━━ MATERIAL FOR THIS TASK

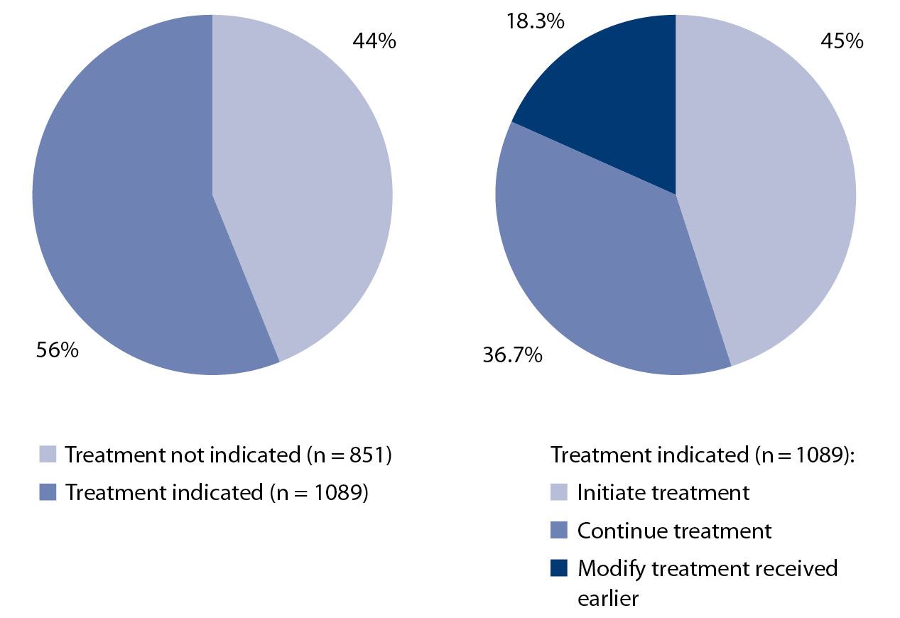 Число пациентов, которым показано терапевтическое вмешательство, составило 56% (n = 1089), из них инициировать терапию было рекомендовано 45% (n = 489), продолжить прием ранее используемых препаратов – 36,7% (n = 400), изменить тактику лечения – 18,3% (n = 200) (рис. 4). В том числе антирезорбтивная терапия назначалась при установленной костной форме первичного гиперпаратиреоза или пациентам, получающим ингибиторы ароматазы по поводу рака молочной железы с целью профилактики потерь МПК (n = 57).
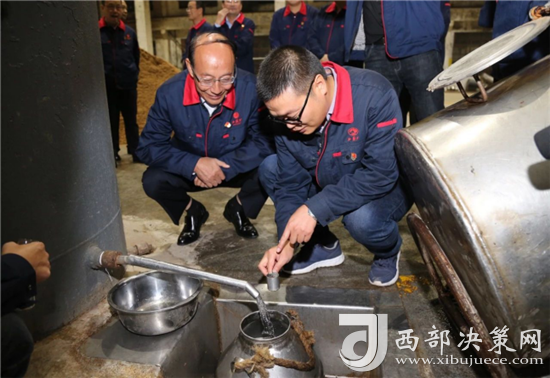 西鳳集團(tuán)公司領(lǐng)導(dǎo)班子成員還詳細(xì)查看了窖池發(fā)酵情況,現(xiàn)場和工人師傅們一起裝甑餾酒,為大家鼓勁加油!
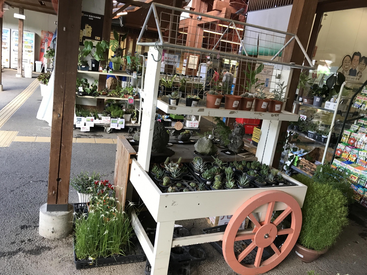 長良川沿いにある道の駅。駐車スペースの用地に限界があったのか、人気のスポットなのでいつも車で駐車場は満杯です。美濃地域の農作物や加工食品がたくさん販売されておりレジも長い行列でした。農家の方が作った野菜や花の他に、盆栽や多肉植物までお店に並んで、見ているだけでも楽しかったです。
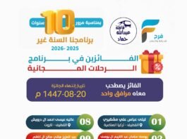 28 فائز في برنامج الرحلات المجانية وكوبونات الخصم بمناسبة مرور سـ9ـنوات على خدمة فرح / هذا البرنامج برعاية قافلة عبدالله حماد وحملة بني هاشم
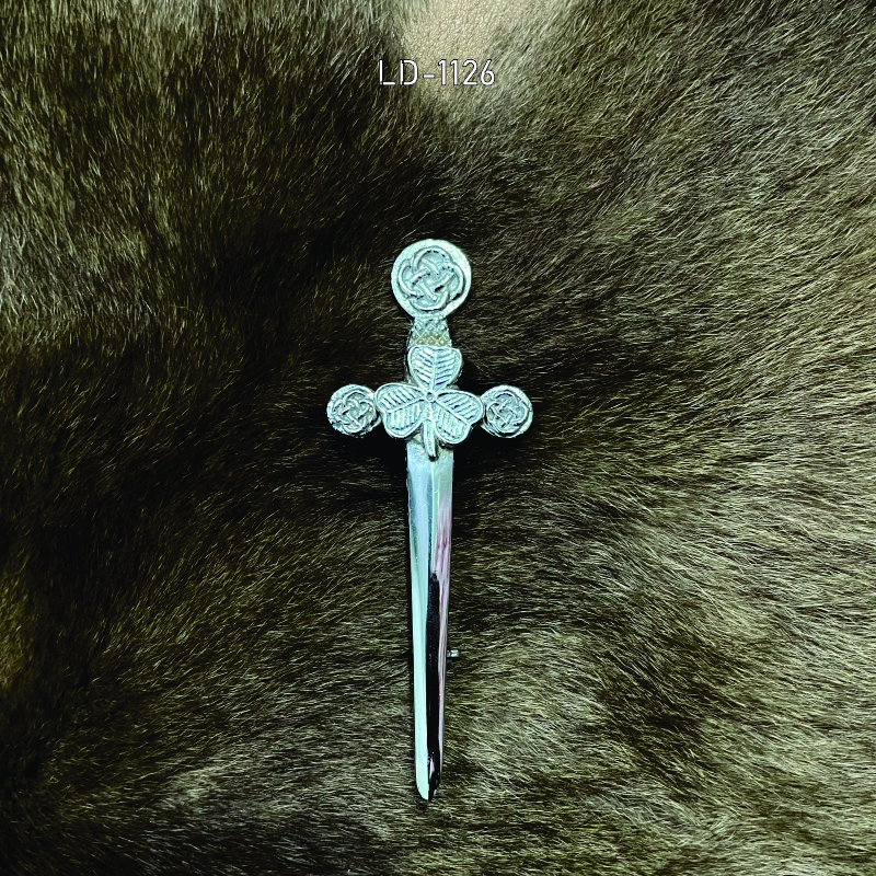 A beautifully crafted Thistle Mounted Sword Kilt Pin featuring the iconic Scottish thistle set atop a traditional sword design. Finished in a polished metal shine, this kilt pin adds a bold Highland touch to any kilt or tartan outfit. Perfect for Scottish ceremonies, clan gatherings, Highland dress, weddings, and everyday kilt wear. Strong, detailed, and designed to securely fasten your kilt with style.
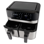 La FR 1242 es una freidora de aire caliente con dos compartimentos de 4,5 L cada uno y una capacidad total de 9 L. El equipo está destinado a la preparación térmica de alimentos mediante circulación de aire caliente, sin sistema de fritura por inmersión en aceite. La configuración de doble compartimento incorpora dos zonas físicas de cocción en el mismo aparato. Cada compartimento cuenta con un volumen indicado de 4,5 L para colocar alimentos por separado o de forma simultánea. La referencia del producto es FR 1242 y su denominación corresponde a una freidora de aire caliente con dos compartimentos. El formato del aparato integra en una sola unidad el sistema de calentamiento y las dos cámaras de cocción, con capacidad combinada de 9 L. El producto pertenece a la categoría de electrodomésticos para tratamiento térmico de alimentos mediante aire caliente.
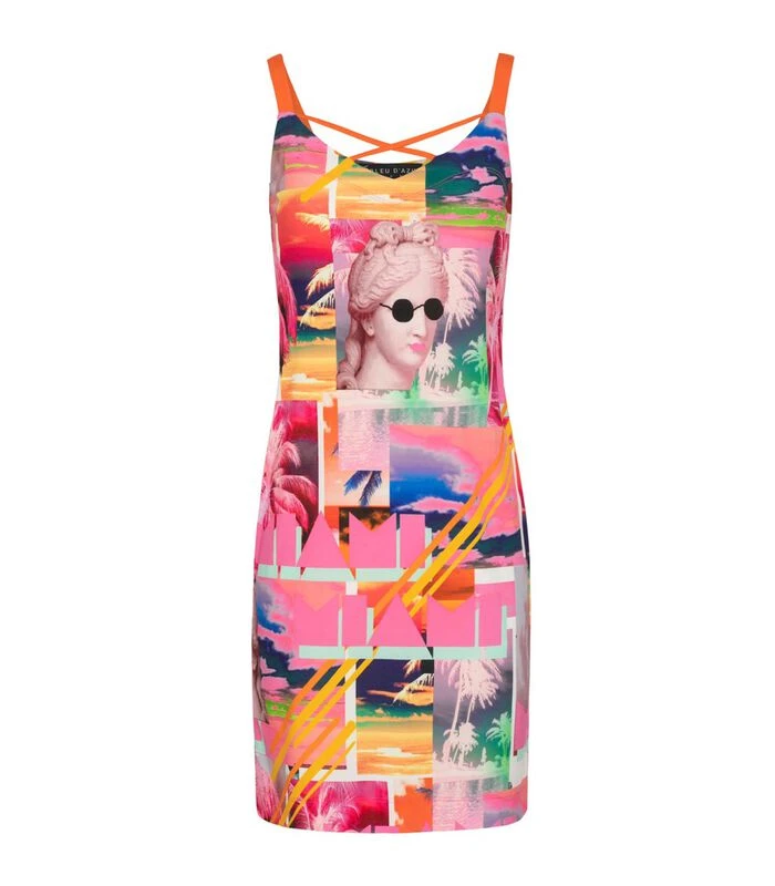 Wees kleurrijk en licht met deze vloeiende zomerjurk. We houden van zijn exclusieve kleurrijke print en zijn zeer vrouwelijke halslijn !Zomerjurk in bedrukte vloeiende jersey – Exclusief patroon voor BLEU D’AZUR – Geplaatste print – Recht model, lichtjes aansluitend op het lichaam – V–halslijn – Bandjes en bretels in oranje jersey – Zonder sluiting, om aan te trekken – BA–logo met kristallen strassteentjes op de rughalslijnWassen op 30°. Samenstelling : 95% POLYESTER 5% ELASTHANNE EN ITALIAANSE FABRIEK
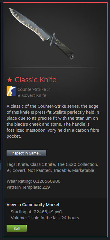 Вопрос знающим. У меня есть скин пистолета, который стоит около 50 рублей. Еще у него степень износа с тремя нулями после запятой. За сколько реально можно продать такой скин?

━━━━

» REQUIREMENT
An exact printout of the entries is wanted, covering the first line through the line holding "A beautifully crafted", with pictures kept out of it.

» EXPECTED OUTPUT
 Число пациентов, которым показано терапевтическое вмешательство, составило 56% (n = 1089), из них инициировать терапию было рекомендовано 45% (n = 489), продолжить прием ранее используемых препаратов – 36,7% (n = 400), изменить тактику лечения – 18,3% (n = 200) (рис. 4). В том числе антирезорбтивная терапия назначалась при установленной костной форме первичного гиперпаратиреоза или пациентам, получающим ингибиторы ароматазы по поводу рака молочной железы с целью профилактики потерь МПК (n = 57).
 西鳳集團(tuán)公司領(lǐng)導(dǎo)班子成員還詳細(xì)查看了窖池發(fā)酵情況,現(xiàn)場和工人師傅們一起裝甑餾酒,為大家鼓勁加油!
 長良川沿いにある道の駅。駐車スペースの用地に限界があったのか、人気のスポットなのでいつも車で駐車場は満杯です。美濃地域の農作物や加工食品がたくさん販売されておりレジも長い行列でした。農家の方が作った野菜や花の他に、盆栽や多肉植物までお店に並んで、見ているだけでも楽しかったです。
 28 فائز في برنامج الرحلات المجانية وكوبونات الخصم بمناسبة مرور سـ9ـنوات على خدمة فرح / هذا البرنامج برعاية قافلة عبدالله حماد وحملة بني هاشم
 A beautifully crafted Thistle Mounted Sword Kilt Pin featuring the iconic Scottish thistle set atop a traditional sword design. Finished in a polished metal shine, this kilt pin adds a bold Highland touch to any kilt or tartan outfit. Perfect for Scottish ceremonies, clan gatherings, Highland dress, weddings, and everyday kilt wear. Strong, detailed, and designed to securely fasten your kilt with style.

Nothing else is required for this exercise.